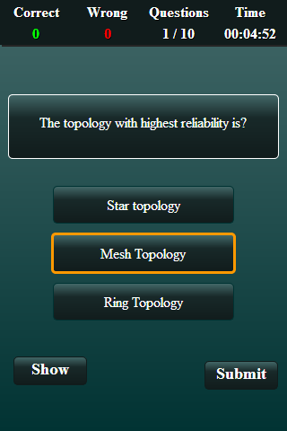 The application is very easy to use and has been designed very carefully keeping in mind the needs of the students. When a student/user makes a mistake the application indicates and also shows the correct answer. Take the Computer Networks tests repeatedly and analyze your improved results each time.
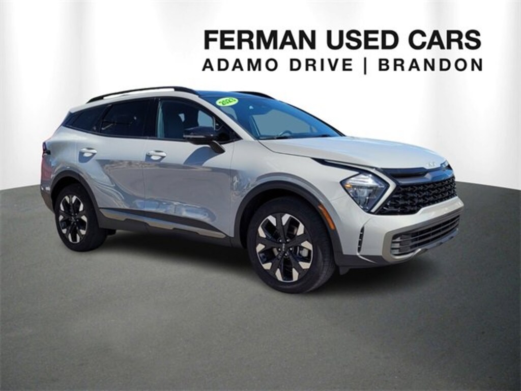 2023 Kia Sportage X-Line AWD, 4-Wheel Disc Brakes, 6 Speakers, ABS brakes, Air Conditioning, Alloy wheels, AM/FM radio: SiriusXM, Apple CarPlay & Android Auto, Auto High-beam Headlights, Automatic temperature control, Axle Ratio: 3.648, Brake assist, Bumpers: body-color, Carpet Floor Mats X-Line, Compass, Delay-off headlights, Driver door bin, Driver vanity mirror, Dual front impact airbags, Dual front side impact airbags, Electronic Stability Control, Emergency communication system, Four wheel independent suspension, Front anti-roll bar, Front Bucket Seats, Front Center Armrest, Front dual zone A/C, Fully automatic headlights, harman/kardon® Speakers, Heated door mirrors, Heated Front Bucket Seats, Heated front seats, Illuminated entry, Leather Shift Knob, Leather steering wheel, LED Interior Lighting, Low tire pressure warning, Navigation System, Occupant sensing airbag, Outside temperature display, Overhead airbag, Overhead console, Panic alarm, Panoramic Sunroof, Passenger door bin, Passenger vanity mirror, Power door mirrors, Power driver seat, Power steering, Power windows, Premium Leatherette Seat Trim, Radio: AM/FM/HD Audio System, Rain sensing wipers, Rear anti-roll bar, Rear seat center armrest, Rear window defroster, Rear window wiper, Remote keyless entry, Security system, Smart Power Liftgate, Speed control, Speed-sensing steering, Split folding rear seat, Spoiler, Steering wheel mounted audio controls, Tachometer, Telescoping steering wheel, Tilt steering wheel, Traction control, Trip computer, Turn signal indicator mirrors, Variably intermittent wipers, Wheels: 19 Gloss Black Alloy, X-Line Premium Package, AWD. 23/28 City/Highway MPG
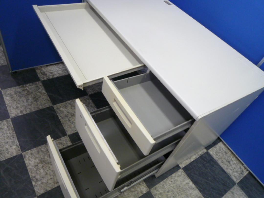 引出しは1段目が文房具等、2段目がB5ファイルサイズ、3段目がA4・B4ファイル両用となっており収納バリエーションに富んでおり便利です。
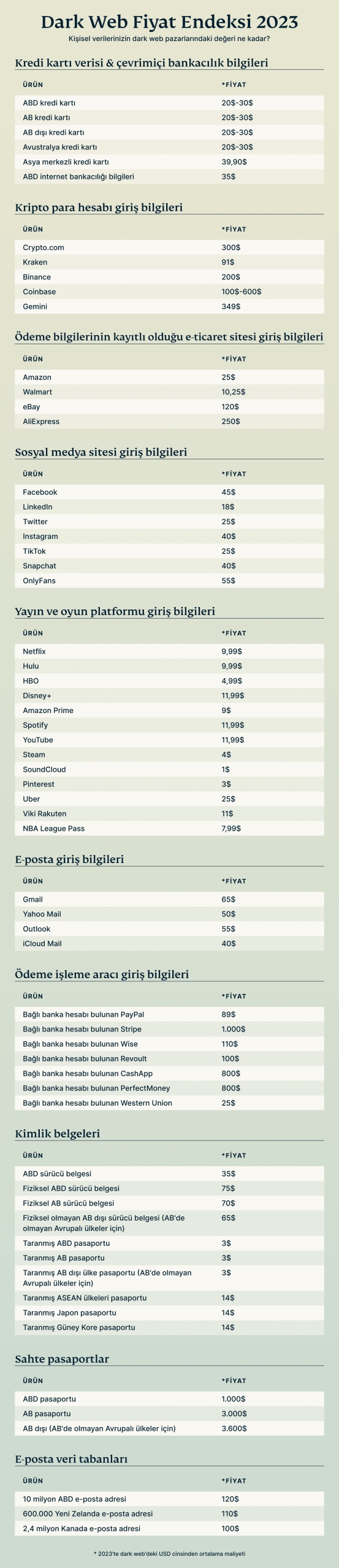 Konu dark web olduğunda, kişisel bilgiler, satılan verilerin türüne ve miktarına bağlı olarak farklı fiyatlardan satılabilir ve satın alınabilir. Buna birkaç dolardan satılan tek bir hesap giriş bilgisinden, binlerce dolar değerinde ve taranmış bir pasaport veya sahte dökümanı da içeren eksiksiz bir kimlik profiline kadar her şey dahildir. Dark web’de giderek büyüyen bu kişisel bilgi pazarı, kişilerin verilerini korumak amacıyla adımlar atmaları için çok önemli bir gerekçedir.
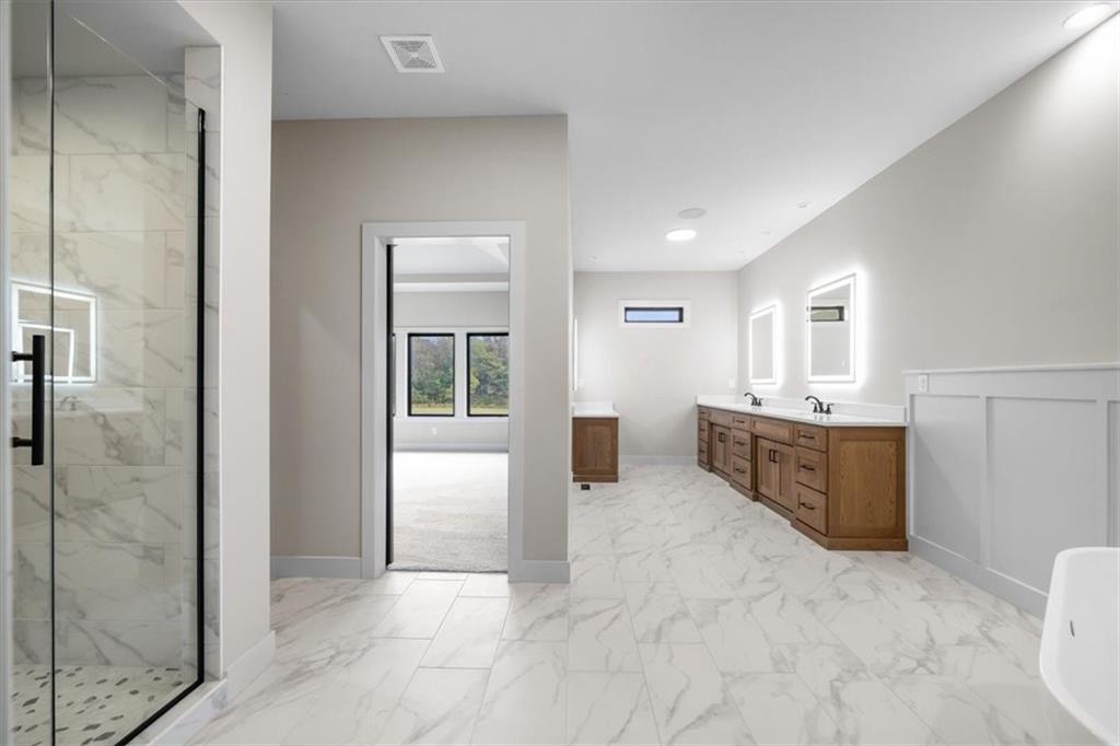 Your dream home on 3 acres is ready—and opportunities like this don’t last long. This breathtaking 1.5-story property offers the perfect blend of comfort, style, and space with 5 bedrooms and 4.5 bathrooms designed to fit a variety of lifestyles. Step inside to an impressive open floor plan with soaring vaulted ceilings and a wall of windows that bring in gorgeous natural light. The chef’s kitchen stands out with quartz countertops, a large island, and a butler’s pantry—ideal for everyday convenience or hosting your largest gatherings. Enjoy effortless indoor-outdoor living on the covered deck, complete with a fireplace for year-round relaxation and entertainment. The main-floor primary suite provides a quiet retreat with a spa-style bath featuring a double vanity, oversized walk-in shower, luxurious soaker tub, and a spacious closet that connects directly to the laundry room. A flexible main-level room easily serves as a home office or guest space. Upstairs offers three additional bedrooms and two full bathrooms, giving everyone room to spread out. The finished basement adds even more value with a generous rec room, wet bar, 5th bedroom, full bath, and extra storage. Just 20 minutes from the heart of Lee’s Summit, this home delivers country living without sacrificing convenience. Don’t wait—this is one you’ll want to see in person.

▬▬▬

= TASK =
Starting at the top of the listing above, please restate word for word each line up to and including the one that holds "引出しは1段目が文房具等、2", omitting every image.

= COMPLETED EXERCISE =
 The application is very easy to use and has been designed very carefully keeping in mind the needs of the students. When a student/user makes a mistake the application indicates and also shows the correct answer. Take the Computer Networks tests repeatedly and analyze your improved results each time.
 2023 Kia Sportage X-Line AWD, 4-Wheel Disc Brakes, 6 Speakers, ABS brakes, Air Conditioning, Alloy wheels, AM/FM radio: SiriusXM, Apple CarPlay & Android Auto, Auto High-beam Headlights, Automatic temperature control, Axle Ratio: 3.648, Brake assist, Bumpers: body-color, Carpet Floor Mats X-Line, Compass, Delay-off headlights, Driver door bin, Driver vanity mirror, Dual front impact airbags, Dual front side impact airbags, Electronic Stability Control, Emergency communication system, Four wheel independent suspension, Front anti-roll bar, Front Bucket Seats, Front Center Armrest, Front dual zone A/C, Fully automatic headlights, harman/kardon® Speakers, Heated door mirrors, Heated Front Bucket Seats, Heated front seats, Illuminated entry, Leather Shift Knob, Leather steering wheel, LED Interior Lighting, Low tire pressure warning, Navigation System, Occupant sensing airbag, Outside temperature display, Overhead airbag, Overhead console, Panic alarm, Panoramic Sunroof, Passenger door bin, Passenger vanity mirror, Power door mirrors, Power driver seat, Power steering, Power windows, Premium Leatherette Seat Trim, Radio: AM/FM/HD Audio System, Rain sensing wipers, Rear anti-roll bar, Rear seat center armrest, Rear window defroster, Rear window wiper, Remote keyless entry, Security system, Smart Power Liftgate, Speed control, Speed-sensing steering, Split folding rear seat, Spoiler, Steering wheel mounted audio controls, Tachometer, Telescoping steering wheel, Tilt steering wheel, Traction control, Trip computer, Turn signal indicator mirrors, Variably intermittent wipers, Wheels: 19 Gloss Black Alloy, X-Line Premium Package, AWD. 23/28 City/Highway MPG
 引出しは1段目が文房具等、2段目がB5ファイルサイズ、3段目がA4・B4ファイル両用となっており収納バリエーションに富んでおり便利です。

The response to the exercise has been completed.